▶ **GIVEN INFORMATION**:
---*---
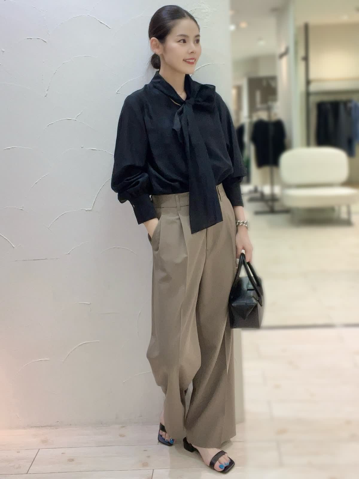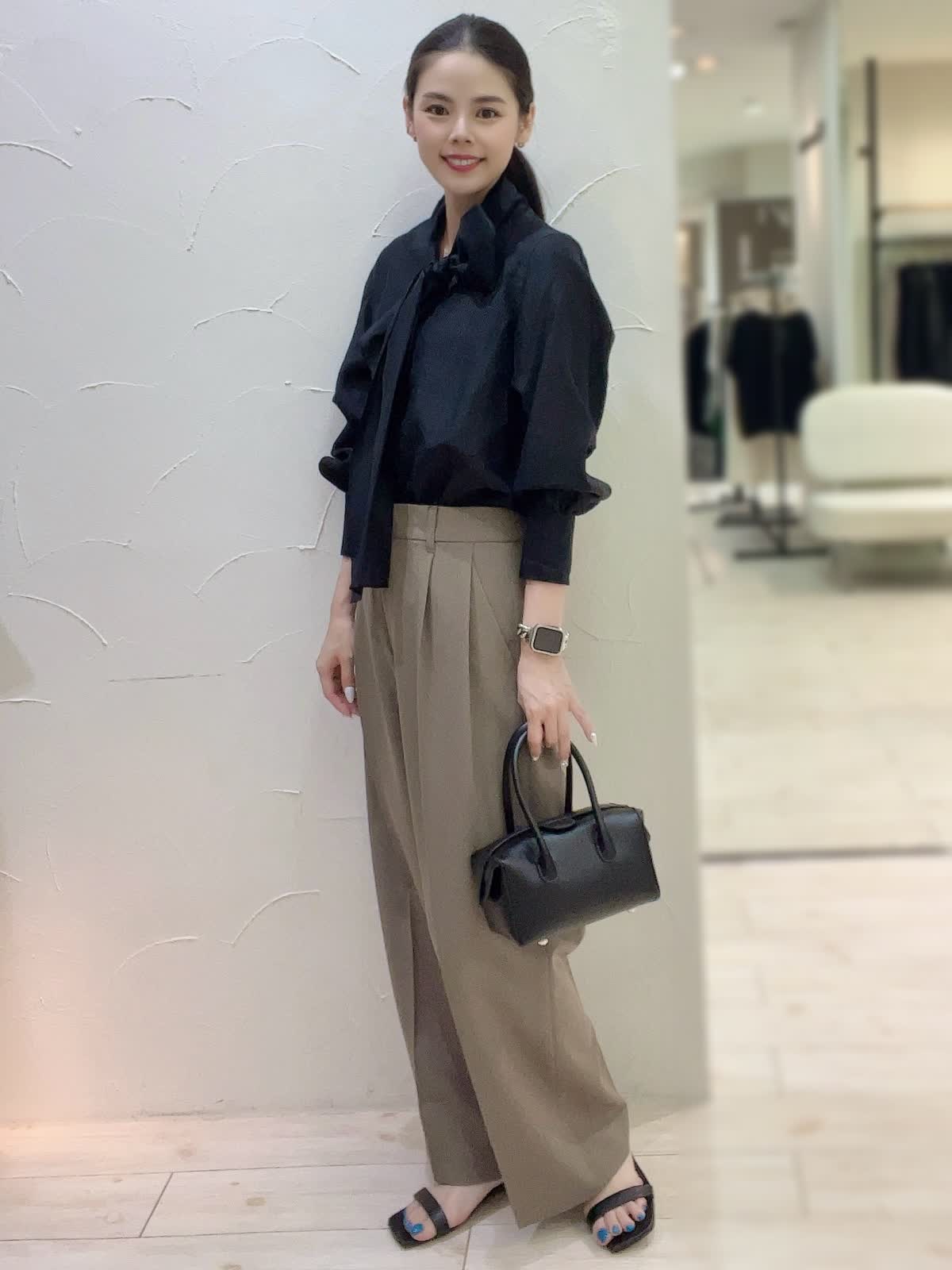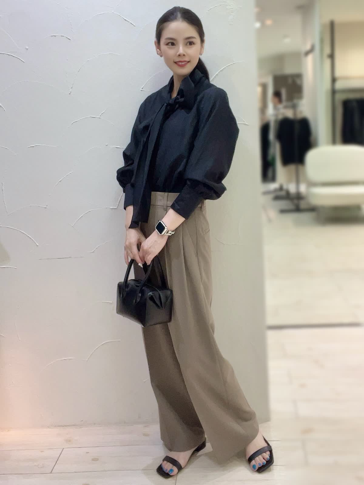 I.T.'S. international × STORY 2wayシアーボウタイブラウス。シンプルなワイドパンツと合わせて通勤やオフィススタイルにもおすすめ。華やかなボウタイが雰囲気を明るく見せてくれます。秋まで長く着られるデザイン。パンツは定番TR素材。軽い素材で晩夏からお召しいただけます。
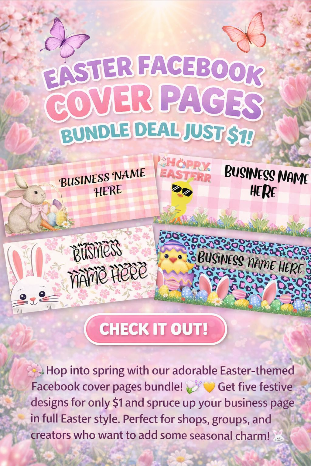 Spruce up your business page with this cheerful set of Easter-themed Facebook cover designs! πΈπ£ Perfect for shops, creators, and groups, this bundle includes 5 festive templates featuring bunnies, chicks, eggs, and pastel spring vibes β all customizable with your business name. Whether you're celebrating with a βHoppy Easterβ or simply adding seasonal charm, these covers are a fun and affordable way to refresh your online look.
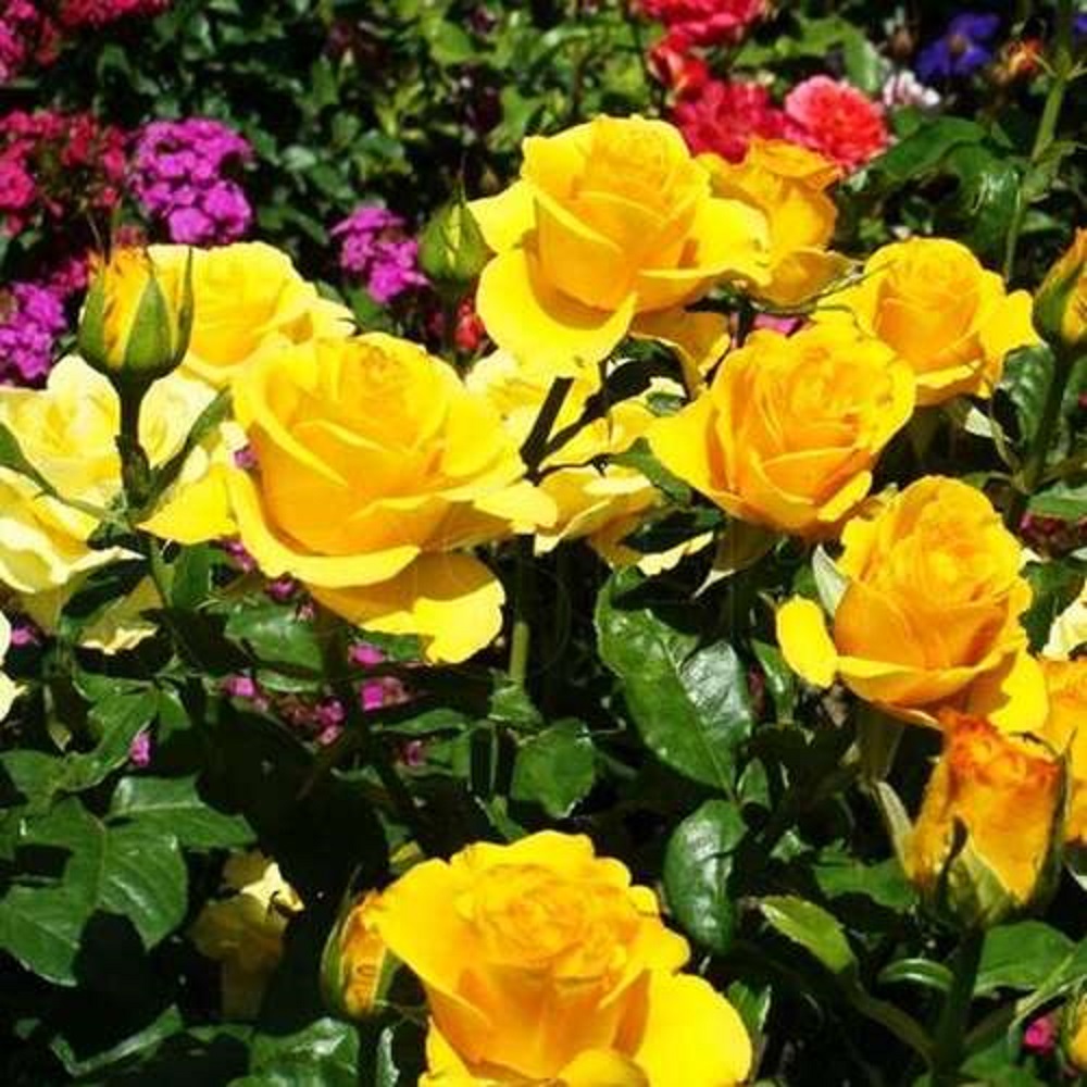 Популярный чайно-гибридный сорт из Нидерландов, отличающийся насыщенно-желтым, почти янтарным цветом с оранжевым оттенком. Славится бокаловидными махровыми цветками (до 10-15 см) с плотными лепестками, которые долго стоят в срезке (10–14 дней). Кусты компактные (60-120 см), цветут обильно и повторно, устойчивы к болезням.
---*---
▶ **EXERCISE OBJECTIVE**: Each line from the one with "Spruce up your" to the final line of the data above is to be printed exactly; no picture should appear in the copy.

▶ **REPLY**:
 Spruce up your business page with this cheerful set of Easter-themed Facebook cover designs! πΈπ£ Perfect for shops, creators, and groups, this bundle includes 5 festive templates featuring bunnies, chicks, eggs, and pastel spring vibes β all customizable with your business name. Whether you're celebrating with a βHoppy Easterβ or simply adding seasonal charm, these covers are a fun and affordable way to refresh your online look.
 Популярный чайно-гибридный сорт из Нидерландов, отличающийся насыщенно-желтым, почти янтарным цветом с оранжевым оттенком. Славится бокаловидными махровыми цветками (до 10-15 см) с плотными лепестками, которые долго стоят в срезке (10–14 дней). Кусты компактные (60-120 см), цветут обильно и повторно, устойчивы к болезням.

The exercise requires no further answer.